I've mentioned John Bachmann before, but I should note my new article, in the current issue of Imprint. It's been a pet project of mine since 1999 (here's an older version of the paper I did for the New England American Studies Association, from 2001), and it's gratifying to see it looking so nice. Here's a summary:

John Bachmann was born in Switzerland around 1814 and died in Jersey City, New Jersey around 1894. John Reps writes "No finer artist of city views worked in America," and indeed Bachmann's bird's eye views are unique in the history of American views for their combination of artistic technique inherited from European landscape drawing, in which he was trained and worked in Paris, and the experimental sensibility he had in constructing his views from viewpoints he had never seen. His career saw the transition from one-color stone lithography through multiple-tint-stone techniques into zinc chromolithography, and from printed views as decoration and commemration to views as promotional and speculative documents.

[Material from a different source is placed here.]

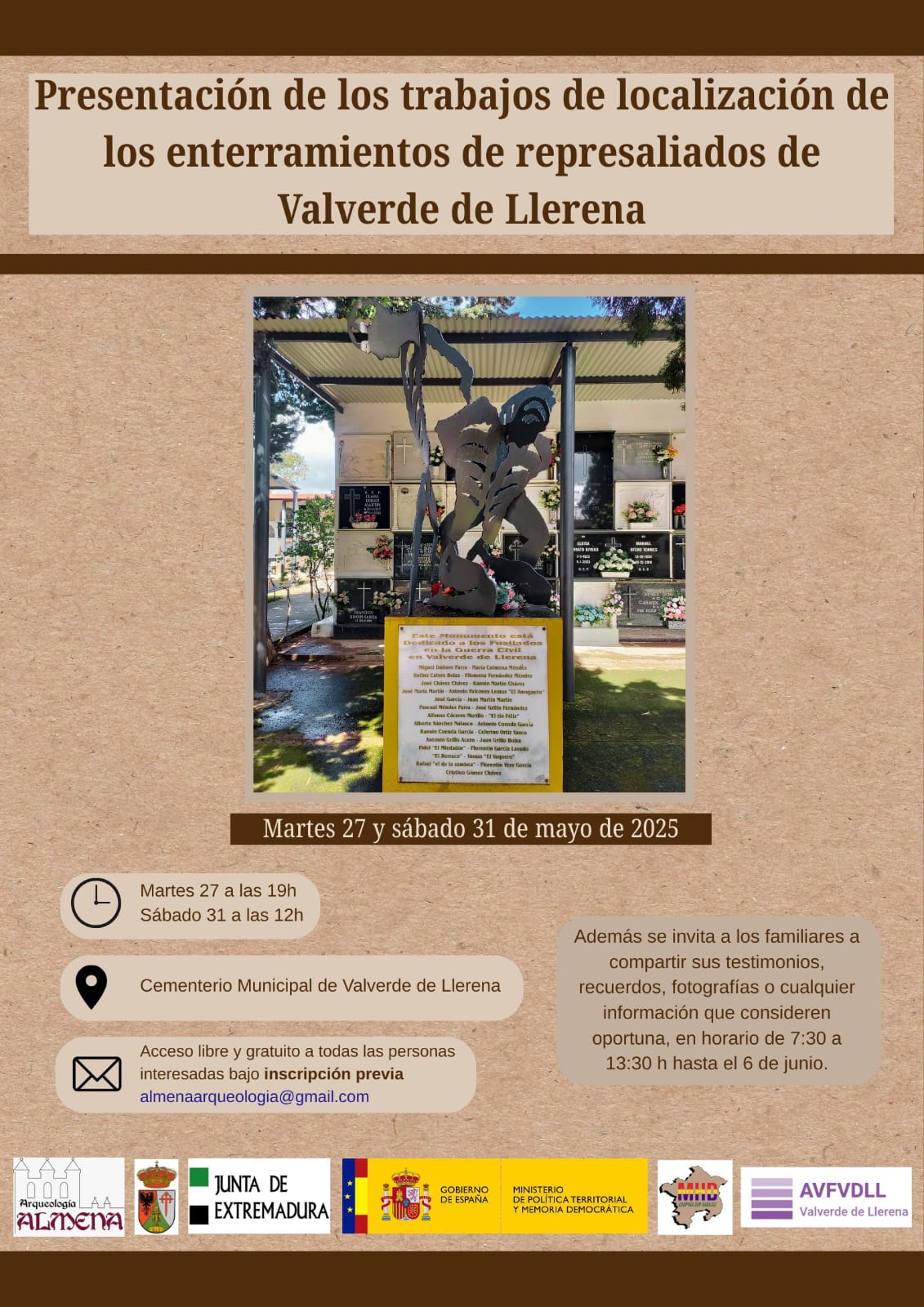 Presentación de los trabajos de localización de los enterramientos de represaliados de Valverde de Llerena (Badajoz) Cuándo 27 de mayo de 2025 19:00 - 21:00 Añadir al calendario Descargar ICS Google Calendar iCalendar Office 365 Outlook Live Dónde Cementerio Municipal , Valverde de Llerena (Badajoz) Compartir:

His views reflect not only the changing landscape of New York City and the other cities he drew, but the changing landscape of the American print world.
If you want to see more of his work, a good start is the Library of Congress collection, which is split between the Geography and Maps Division (bird's eye city views and Civil War panoramic maps) and the Prints and Photographs Division. Other significant collections on-line include the New York Public Library. Non-online collections with significant holdings include the New-York Historical Society, the Bibliotheque Nationale in Paris, the Historic New Orleans Collection, and the Museum of the City of New York.

Anyway, it's nice to finally see this bit of work done...

1 comment:

  1. It's funny -- I used a couple of Bachman's perspectives in my thesis project, centered on the air rights just to the north of the current 30th st station in Philadelphia. Bachman's birdeye's represent this area as a lovely looped road through grassy pastures, when in fact it was at the time a slaghterhouse and butcher.

    Such is the power of ink and imagination -- our marks can change history and reality.